Heparin and oligosaccharide truncates of heparin have also been shown to inhibit angiogenesis [
101]. Studies have demonstrated UFH and LMWH have dose-dependent antiangiogenic effects that are mediated via release of endothelial tissue factor pathway inhibitor, which are independent of their antithrombotic activity [
102]. Furthermore, heparins can directly affect the immune system by their inhibitory effects on extravasation of leukocytes and the complement system, or by enhancing the susceptibility of cancer cells to immunologic attacks [
103]. Consequently, it is likely the proposed anti-neoplastic effects of heparin and the LMWHs are a combination of direct anti-neoplastic, antiangiogenetic, and immunomodulatory effects, as well as indirect effects resulting from their pleiotropic action on the coagulation system.

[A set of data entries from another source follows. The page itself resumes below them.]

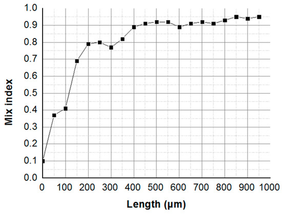 Finally, the color intensity was obtained from the captured images, pixel by pixel. The intensity of each pixel was normalized. The normalized values correspond to the degree of mixing for each pixel, 0 for unmixed and 1 for fully mixed. The mixing index was calculated as: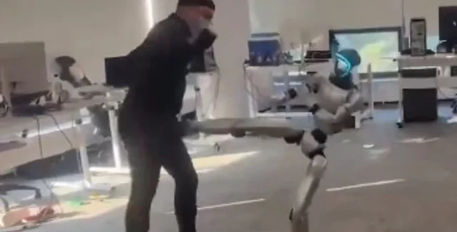 В соцсети попало забавное видео, на котором инженер, тестирующий человекоподобного робота, получил от машины удар в пах.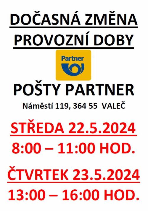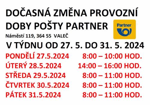 Dočasná změna provozní doby pošty Partner ve Valči od 27.05.2024 do 31.05.2024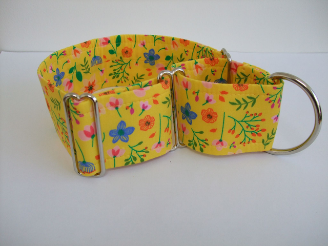 Introducing our 50mm wide handmade Greyhound Martingale collar, designed to ensure a comfortable and secure fit for your beloved pet. Crafted with high-quality materials, this collar is perfect for Greyhounds and other breeds with narrow heads. Our Martingale collar helps prevent your pet from slipping out of their collar, while also providing gentle control for training purposes. The adjustable sizing (33cm - 48cm) ensures a perfect fit for your furry friend and the stylish design will make them the envy of the dog park. Handmade with love, this collar is the perfect combination of functionality and style. Order now and give your pup the gift of comfort and style.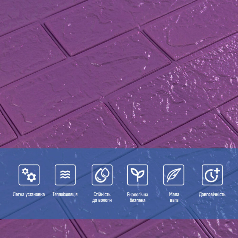 3D панель самоклеюча 700х770х3мм цегла Фіолетова (016-3) SW-000003248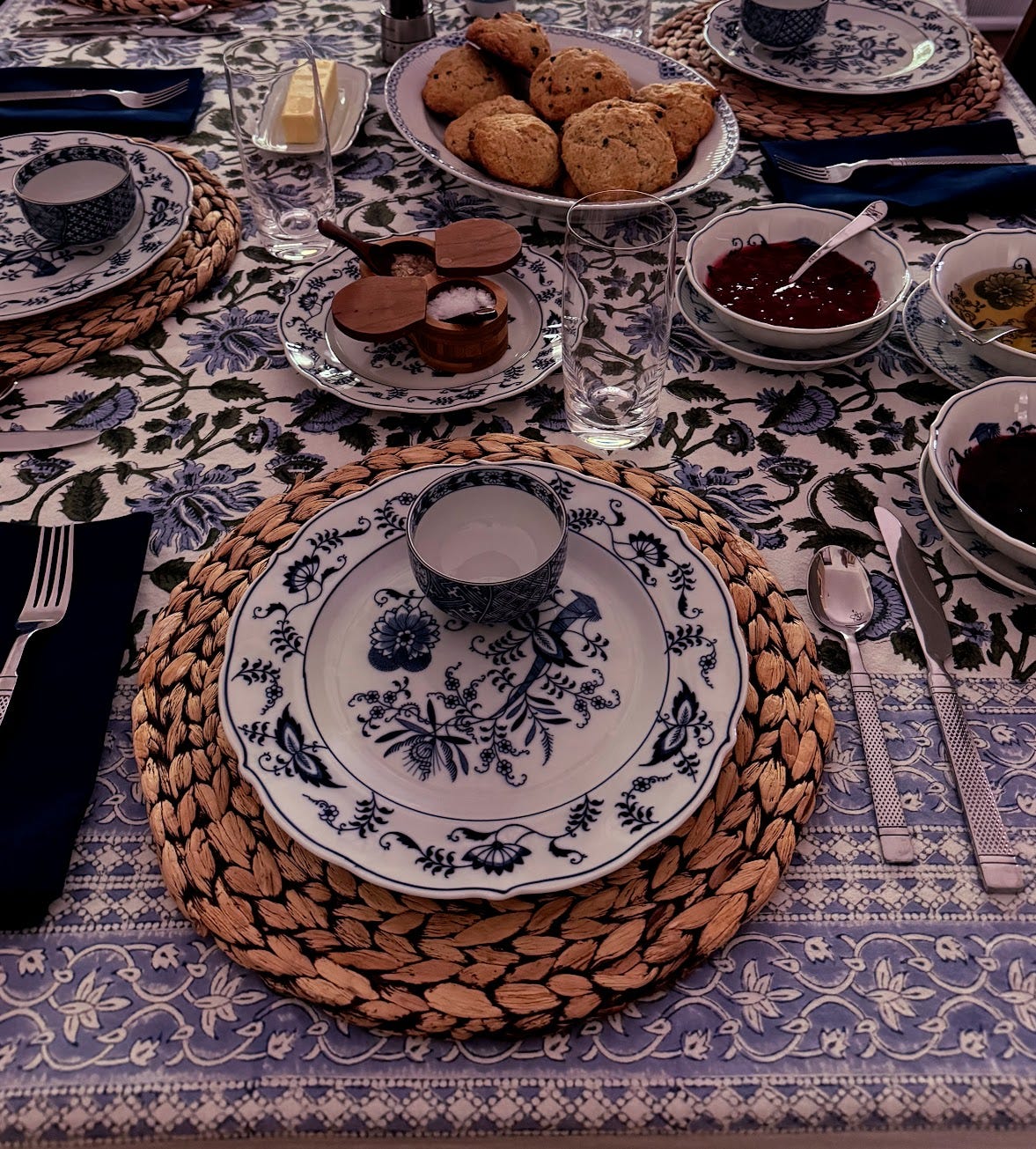 These indigo blue and white dishes were my grandmothers; ‘Blue Danube’ from Japan. They were only used for special occasions. Since receiving this china, I choose to use it as often as I can. The tea cups were my MIL’s and they go together perfectly, creating a nice boho vibe.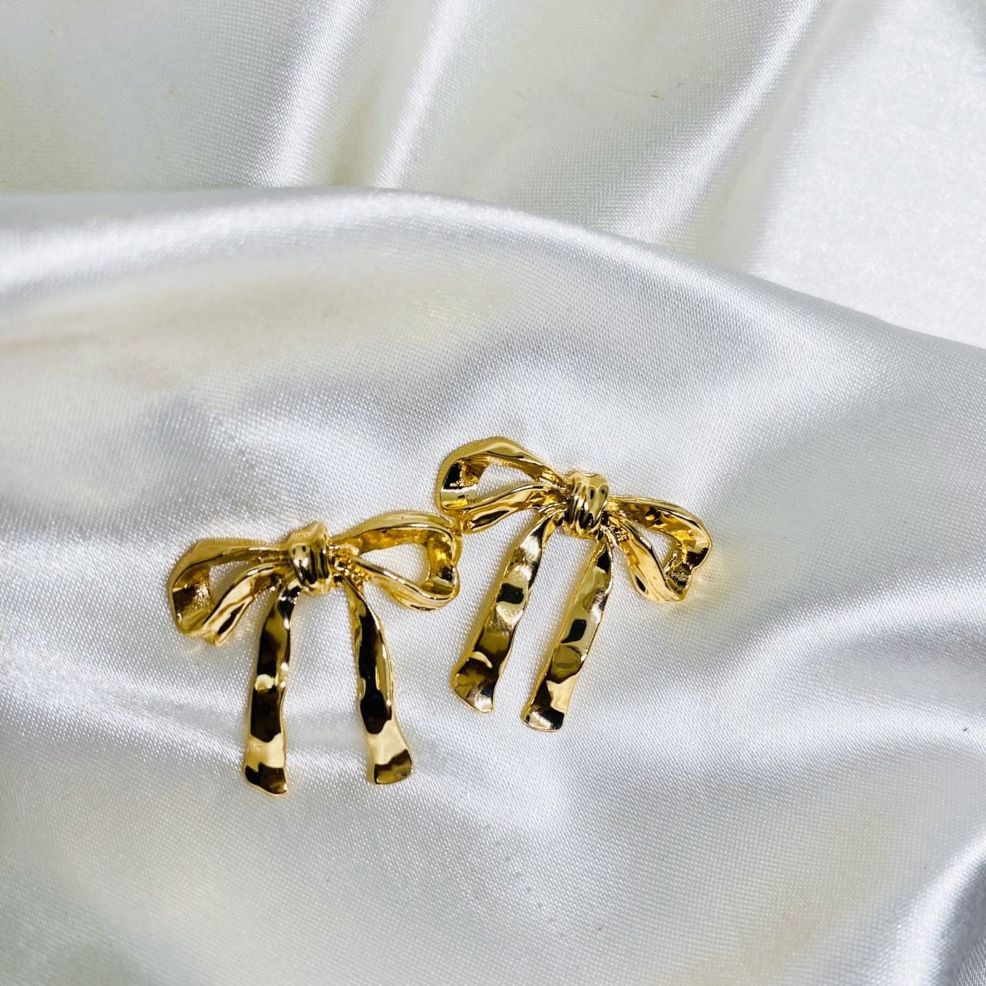 The Molten Bow Drops are a bold take on a feminine classic. Featuring sculpted, hammered ribbon-like strands that glisten with every move, these earrings blend elegance with a touch of edge. The high-polish gold finish adds luxury, while the fluid bow design keeps it chic and modern. Wear them to elevate your look for parties, festive dinners, or a stylish night out. They're playful yet powerful — a true statement piece with charm.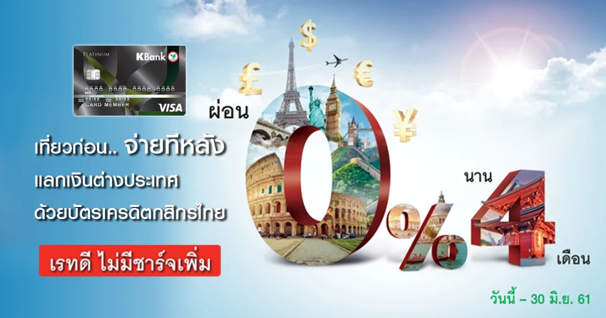 เที่ยวก่อน.. จ่ายทีหลัง ผ่อน 0% นาน 4 เดือน แลกเงินต่างประเทศ เรทดี ไม่มีชาร์จ จากบัตรเครดิตกสิกรไทย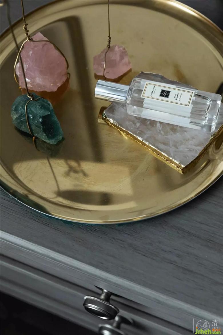 整個(gè)主臥室素雅安靜,局部使用了護(hù)墻板加金屬線條,增加空間的精致感。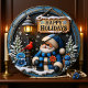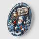 Ce charmant visage d'horloge présente une scène hivernale festive avec le Père Noël dans un foulard et casquette rayé bleu et blanc. Il est entouré de pins enneigés, d'un lampadaire lumineux et d'un cardinal rouge vif perché à proximité. Une corbeille remplie de fleurs et de baies bleues vinicoles est assise sur son côté, et une pancarte en bois au-dessus indique "JOYEUX JOURS DE VACANCES". Les aiguilles de l'horloge sont noires et sont dressées contre un arrière - plan de flocons de neige et un mur en bois bleu foncé.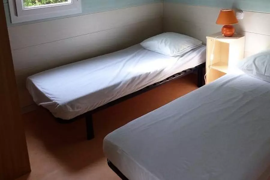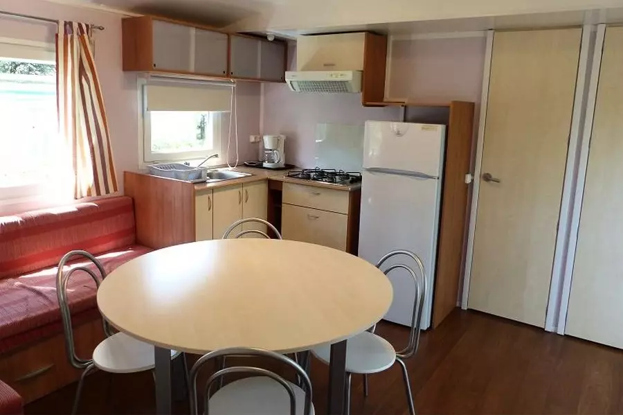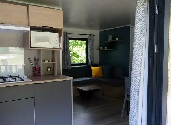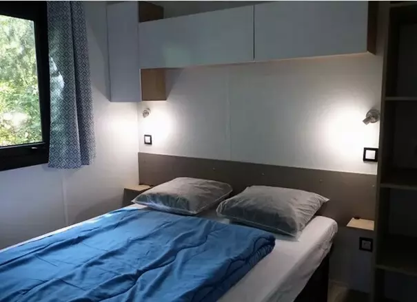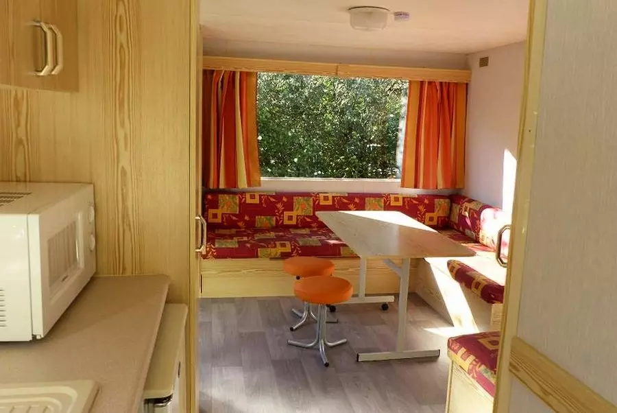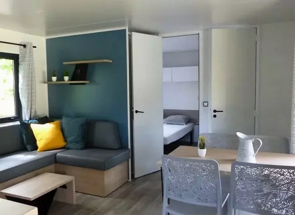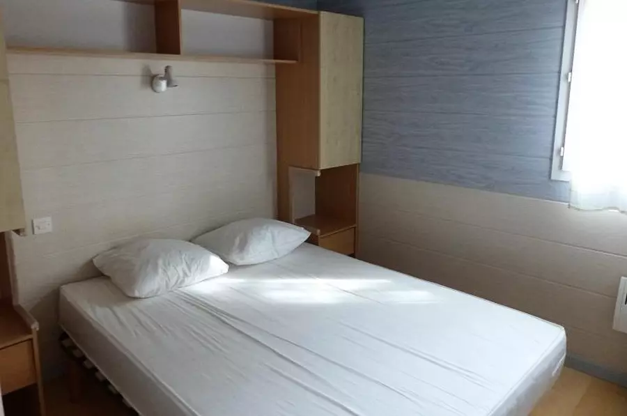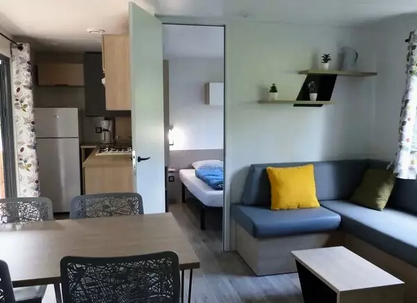 Mobil home 3 pièces de 28m² pour 4/6 personnes, composé d'un séjour avec coin cuisine équipé, d'une chambre avec un lit double, d'une chambre avec 2 lits simples, d'une salle de douche avec lavabo et WC, d'une terrasse.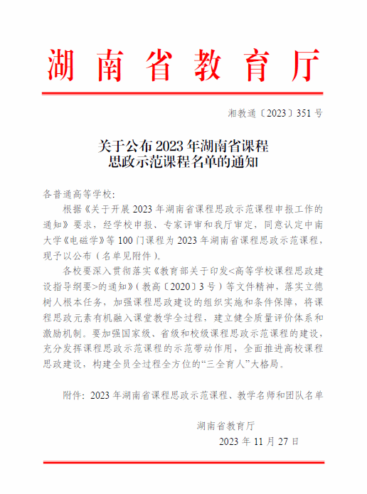 近日,湖南省教育厅公布了2023 年湖南省课程思政示范课程名单。根据《教育厅关于开展2023年湖南省课程思政示范课程申报工作的通知》,经学院推荐,学校评审,今年会成功立项 3 项省级课程思政示范课程,分别是朱强教授负责的《管理学原理》、段仁燕教授负责的《植物学》,和聂时君副教授负责的《机械原理》,相应的课程团队获批省级课程思政教学名师和团队。

Each LMWH has a particular structural profile which in turns gives it specific pharmacokinetic and pharmacodynamic properties [
104,
105]. Structural differences between the LMWHs such as in the molecular weight, molecule length, end-group composition, carboxyl-to-sulfate group ratio and the proportion of anti-Xa binding domains have been shown to affect the biological activity of the resulting molecule [
104,
105]. It is possible therefore that the LMWHs possess different anti-metastatic properties to one another. However, it is unclear at present to what extent the structural heterogeneity between the LMWHs translates into clinical differences in the drug's anti-metastatic effect. Current research is investigating separating the anticoagulant and anti-metastatic properties of heparin molecules for use in cancer patients [
106].
The complex mechanisms associated with improvements in survival of cancer patients treated with heparins are of relevance to the new generation of oral anticoagulants which are under development [
107]. In an attempt to separate antithrombotic and bleeding effects, agents have been designed to inhibit specific proteins within the coagulation cascade. However, these new drugs lack the polypharmacological actions of the UFH and LMWHs which are thought to be involved in anti-neoplastic effects, and accordingly it is likely that they will also have concurrent reductions in their anti-neoplastic activity.